I went on a wee little rant this morning, and apparently it was so hilarious Katie said it had to be a blog.  This is the censored version as the out loud edition has a few profanities in it.

Backstory, like Superman I have a more boring alter-ego.  Just my Clark Kent is the real me and my Superman is the blog me.  My big kid job is as an Administrative Assistant , and as a rule we administrative folks see lots of last minute requests.  Well, a specific one pushed me right over the edge from “eye-roll annoyed” to straight up angry.  There is a life lesson in here too, I promise it doesn’t just apply to work or me!

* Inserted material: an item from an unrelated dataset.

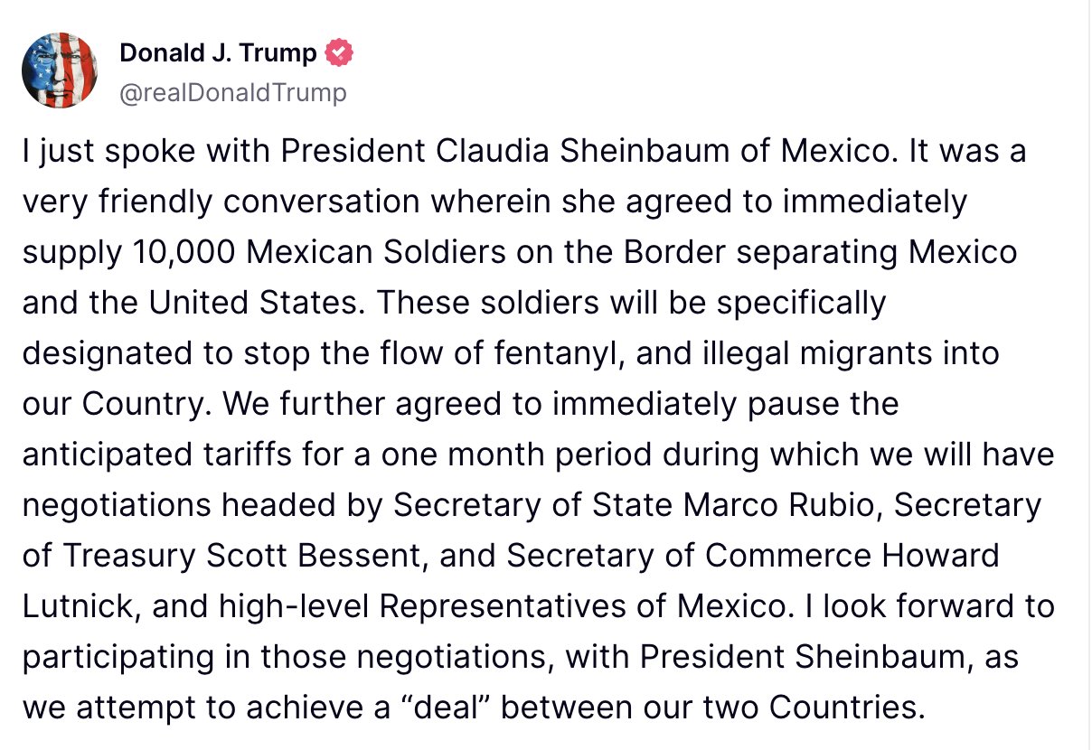 El presidente estadounidense confirmó que se acordó “suspender inmediatamente los aranceles previstos durante un periodo de un mes, durante el cual tendremos negociaciones encabezadas por el secretario de Estado, Marco Rubio, el secretario del Tesoro, Scott Bessent, y el secretario de Comercio, Howard Lutnick, y representantes de alto nivel de México”.

This request asked for something specific, something that wasn’t a big deal and would have taken me 30ish minutes to do.  That wasn’t the problem.  The problem was asking me to have it done this morning…but not asking for it till 9:30 am.  Ok I take that back, the real problem was expecting me to drop everything else I was doing because you just needed a simple little task.  This makes me mad, you wouldn’t like me when I am mad.

Now we get to the life lessons:

  1. Don’t tell someone how to do their job, unless you are their boss or actually know how to do their job.  Assumptions make an ass out of you and me, but mostly you.
  2. Just because you want something done ASAP for your own sake, doesn’t mean I am going to rearrange my whole day.  I am not sure what fits better here, your lack of planning does not constitute my emergency or you aren’t the center of the universe so stop acting like it.  If you think for one second I will drop everything just so you can check it off your list ahead of time, go bleep yourself.  See I told you it was censored.
  3. Don’t lie about anything, I will stop believing you.  Remember the boy who cried wolf?  This will haunt you one day when you have a real deadline.

Here endeth the lesson.  Now give a scotch, I am famished.

Love and cuss words,

Betty

PS  I have peppered this post with a few movie quotes/references, how many can you find?